Raw data:
====================
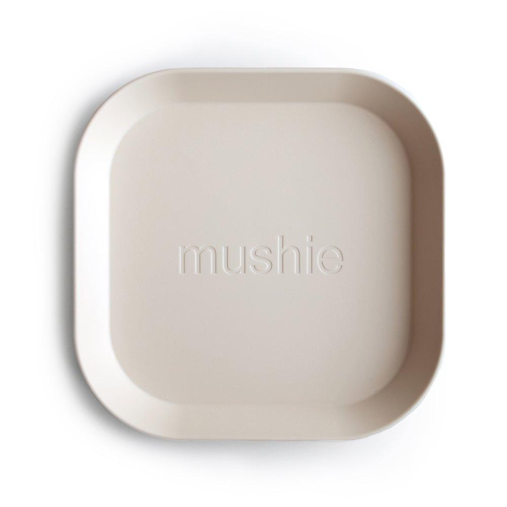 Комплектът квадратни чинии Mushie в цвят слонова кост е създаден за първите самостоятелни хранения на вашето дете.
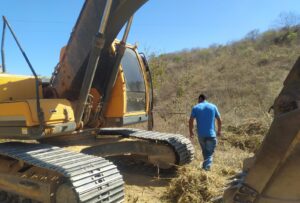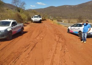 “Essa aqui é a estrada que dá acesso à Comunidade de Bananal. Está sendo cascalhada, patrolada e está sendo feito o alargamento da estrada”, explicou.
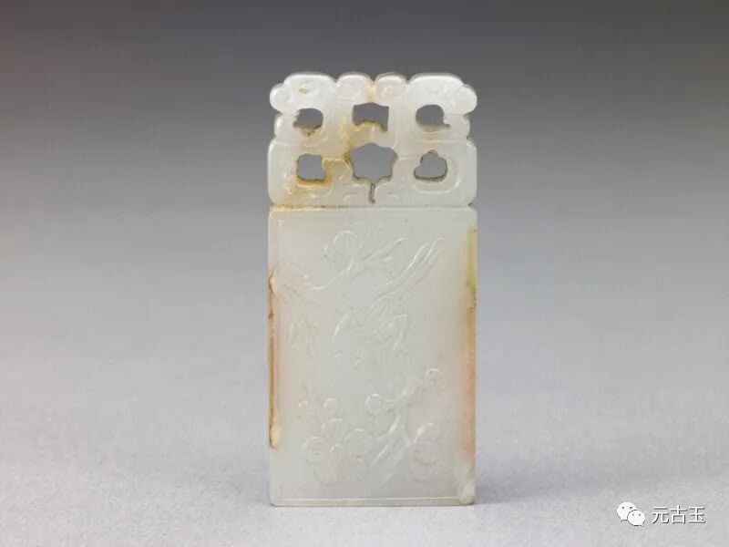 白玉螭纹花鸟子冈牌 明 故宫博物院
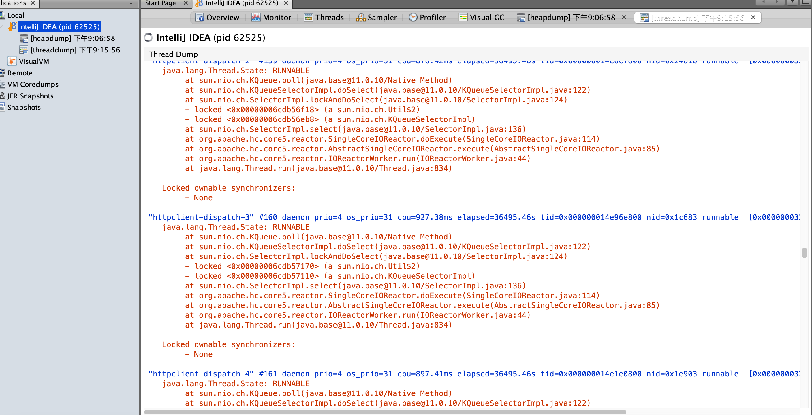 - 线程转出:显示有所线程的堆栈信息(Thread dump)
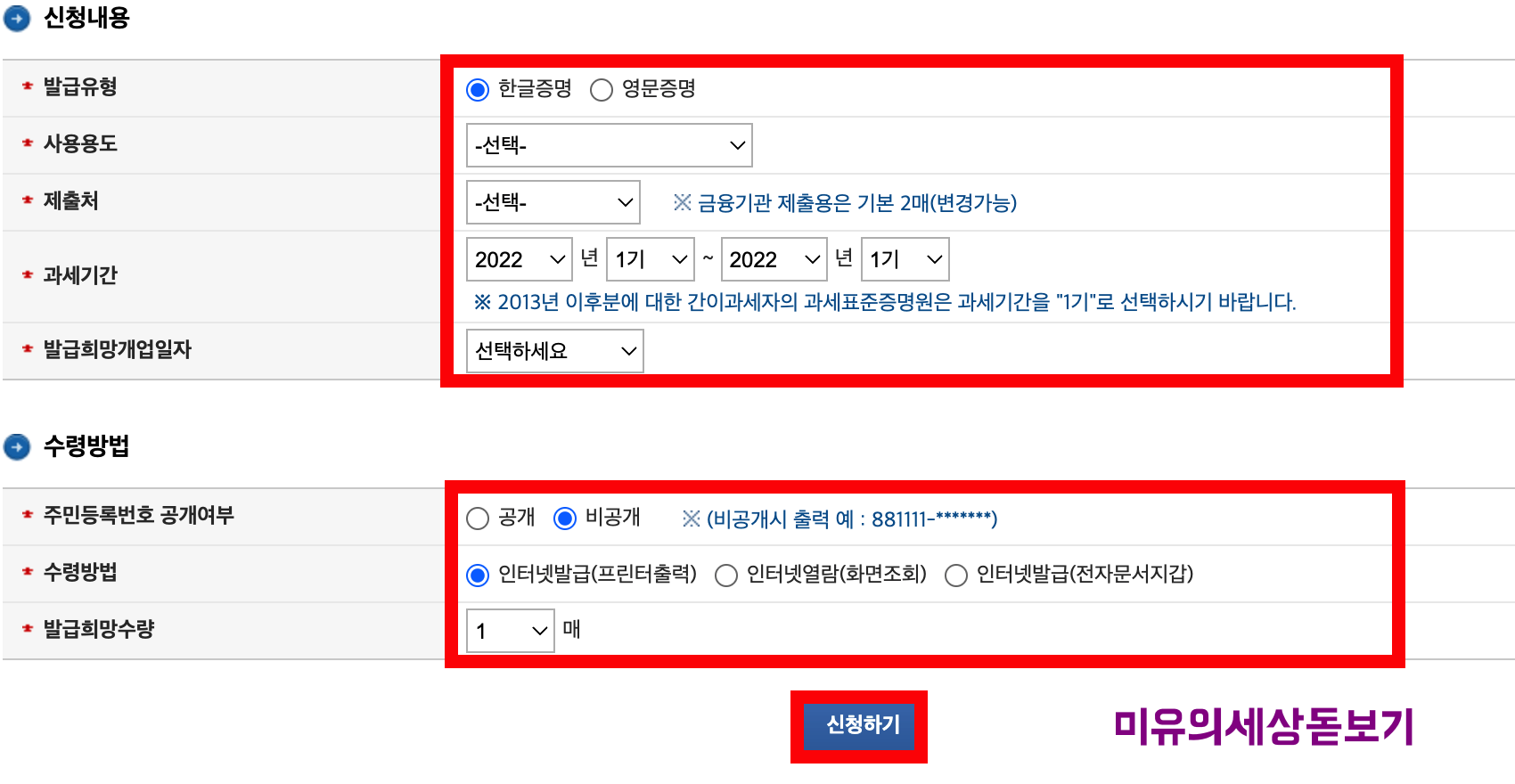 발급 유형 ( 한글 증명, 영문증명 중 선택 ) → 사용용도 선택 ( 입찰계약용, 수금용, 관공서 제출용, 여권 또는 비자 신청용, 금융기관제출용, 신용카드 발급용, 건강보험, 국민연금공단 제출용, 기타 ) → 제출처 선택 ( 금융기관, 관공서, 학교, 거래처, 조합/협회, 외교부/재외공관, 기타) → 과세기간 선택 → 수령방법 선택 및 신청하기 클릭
====================
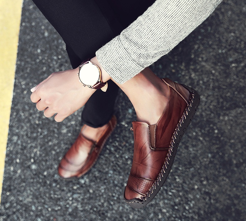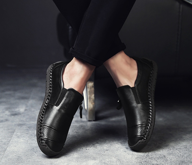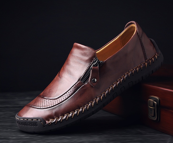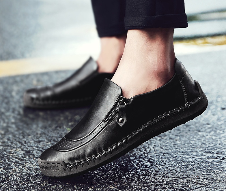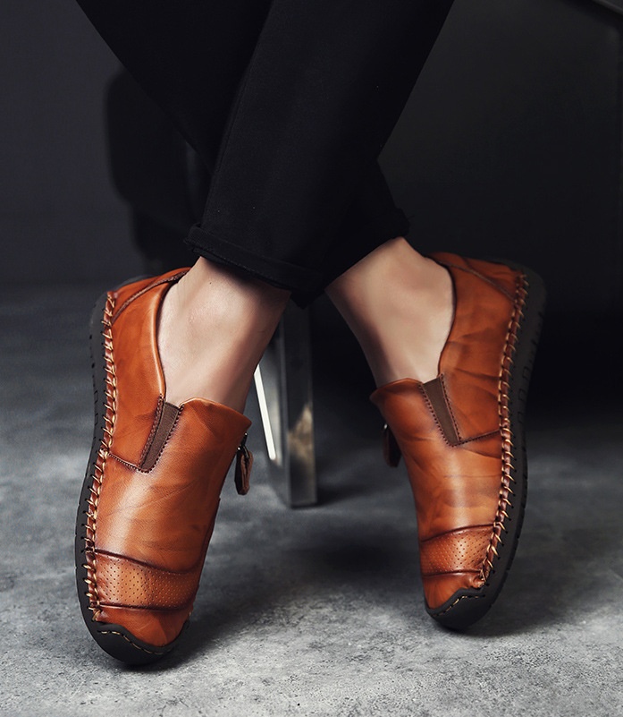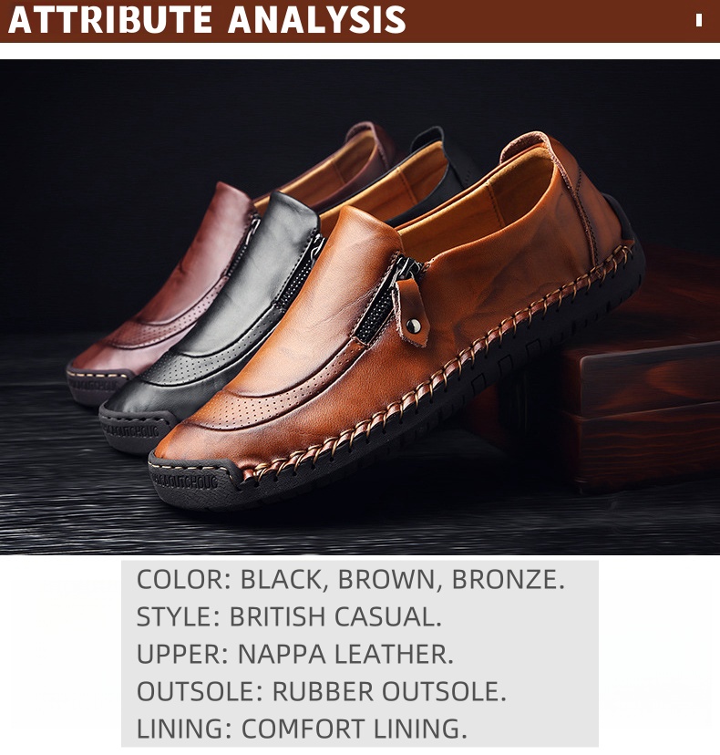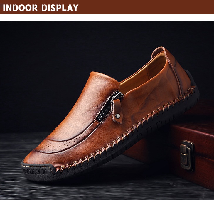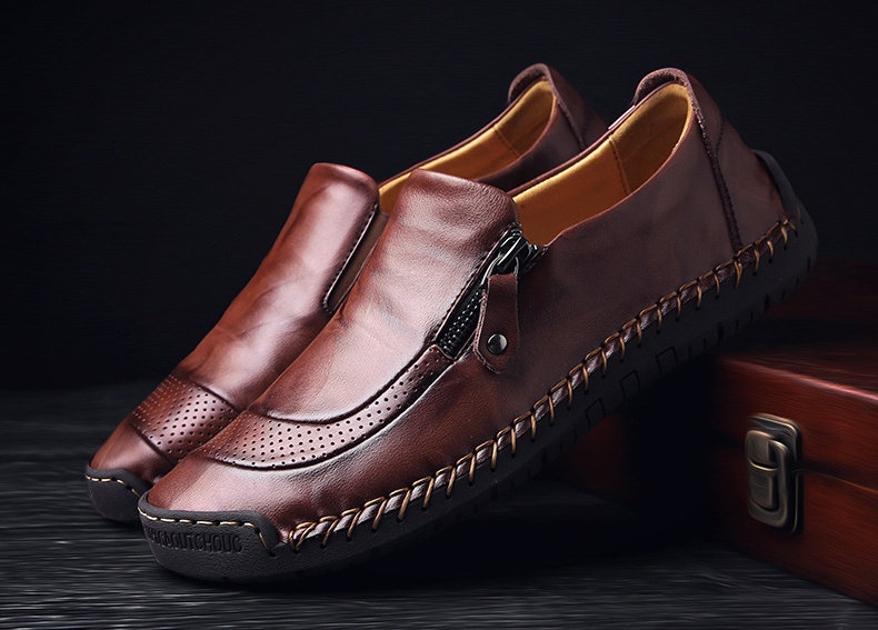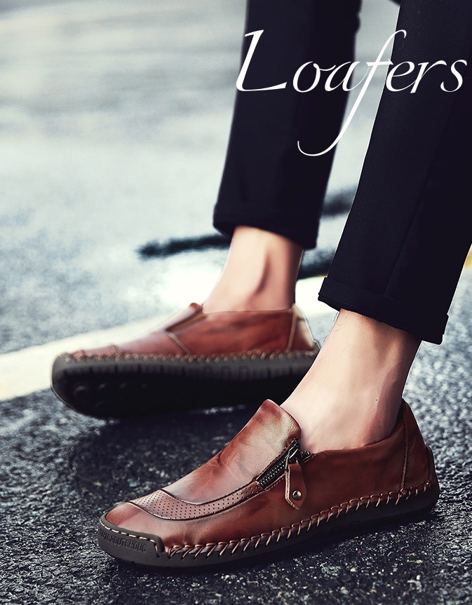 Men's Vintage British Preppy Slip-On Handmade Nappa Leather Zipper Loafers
====================
Problem: In the listing above, find the line with "Комплектът квадратни чинии" and the line with "발급 유형 ( 한글 증명, 영문증명". Output both, plus every line between them, and no pictures.

Output below:
 Комплектът квадратни чинии Mushie в цвят слонова кост е създаден за първите самостоятелни хранения на вашето дете.
 “Essa aqui é a estrada que dá acesso à Comunidade de Bananal. Está sendo cascalhada, patrolada e está sendo feito o alargamento da estrada”, explicou.
 白玉螭纹花鸟子冈牌 明 故宫博物院
 - 线程转出:显示有所线程的堆栈信息(Thread dump)
 발급 유형 ( 한글 증명, 영문증명 중 선택 ) → 사용용도 선택 ( 입찰계약용, 수금용, 관공서 제출용, 여권 또는 비자 신청용, 금융기관제출용, 신용카드 발급용, 건강보험, 국민연금공단 제출용, 기타 ) → 제출처 선택 ( 금융기관, 관공서, 학교, 거래처, 조합/협회, 외교부/재외공관, 기타) → 과세기간 선택 → 수령방법 선택 및 신청하기 클릭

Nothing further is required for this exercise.